Setelah krisis ekonomi menghantam, gelombang unjuk rasa terus melanda Libanon. Pada Senin, 15 Juni lalu, polisi menahan 36 orang dari berbagai demonstrasi sejak tiga hari sebelumnya. Aksi protes pada pekan kedua Juni tersebut bahkan disertai perusakan bank dan toko. Ratusan demonstran juga sempat bentrok dengan polisi di Beirut dan Tripoli, dua kota terbesar di negara itu.
Demonstrasi tersebut dibahas Presiden Libanon Michel Aoun dalam rapat kabinet. “Aksi vandalisme semacam itu harus dilarang mulai hari ini,” katanya seperti dikutip The National. Ia menyatakan akan ada gelombang penangkapan, termasuk terhadap perencana dan pelakunya, serta memerintahkan penegak hukum menjalankan operasi “pendahuluan” untuk mencegah kekerasan lebih lanjut.
Polisi dikabarkan mulai menyelidiki tulisan-tulisan di media sosial yang diduga menghina Presiden Michel Aoun, termasuk gambar dan meme. Tindakan ini memicu unjuk rasa lagi di Beirut pada Rabu, 17 Juni lalu. Demonstran menuntut kebebasan berekspresi di media sosial dikembalikan. Menurut mereka, ketimbang mengejar aktivis di media sosial atau jurnalis yang membongkar korupsi, polisi seharusnya menahan pejabat dan penguasa hitam. “Semua yang berkomentar dan mengkritik kerja pemerintah, khususnya presiden, telah dipanggil polisi gara-gara obrolan lucu entah di Twitter atau Facebook atau media sosial lain,” ujar Samer al-Khouri, salah seorang demonstran.

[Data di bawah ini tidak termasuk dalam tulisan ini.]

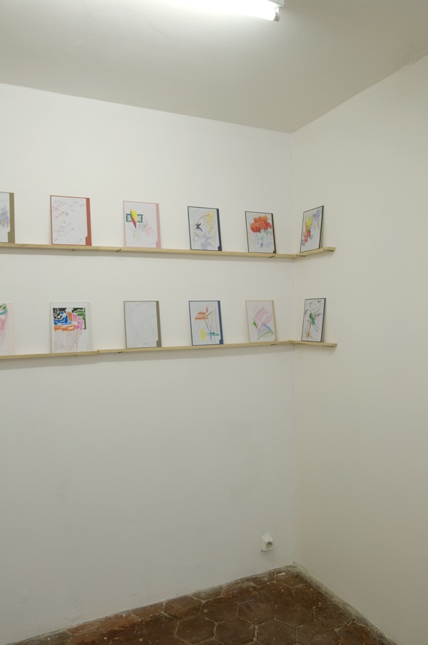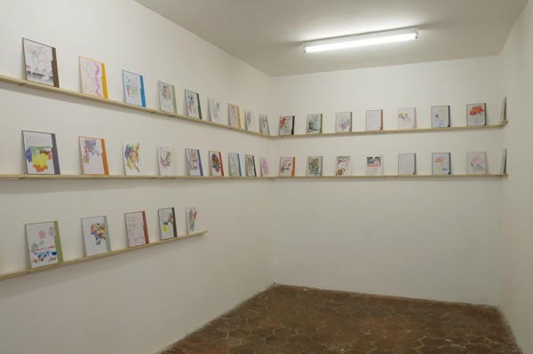 During my vacations, I bought an address book containing 60 pages. I made also bought a box of pencils and drew on each page. Back home, I transfered the each drawing on colored cardboard.

Libanon tergelincir ke jurang krisis setelah perekonomiannya babak-belur. Negara itu berutang lebih dari US$ 90 miliar, yang setara dengan 170 persen produk domestik brutonya. Awal Maret lalu, pemerintah tak mampu membayar surat utang negara senilai US$ 1,2 miliar yang telah jatuh tempo. Ini pertama kalinya pemerintah mengalami gagal bayar. Pengunjuk rasa menuding perekonomian terpuruk karena anggaran negara dikorupsi para pejabat. Demonstrasi pertama pecah sebagai protes terhadap maraknya korupsi.
Media Arab, Asharq al-Awsat, mencatat krisis ini memaksa 785 restoran dan kafe tutup serta mengakibatkan 25 ribu orang kehilangan pekerjaan. Harapan memulihkan perekonomian digantungkan pada bantuan Dana Moneter Internasional (IMF). Tapi harapan itu menjauh karena pemerintah dan bank sentral berselisih soal angka defisit.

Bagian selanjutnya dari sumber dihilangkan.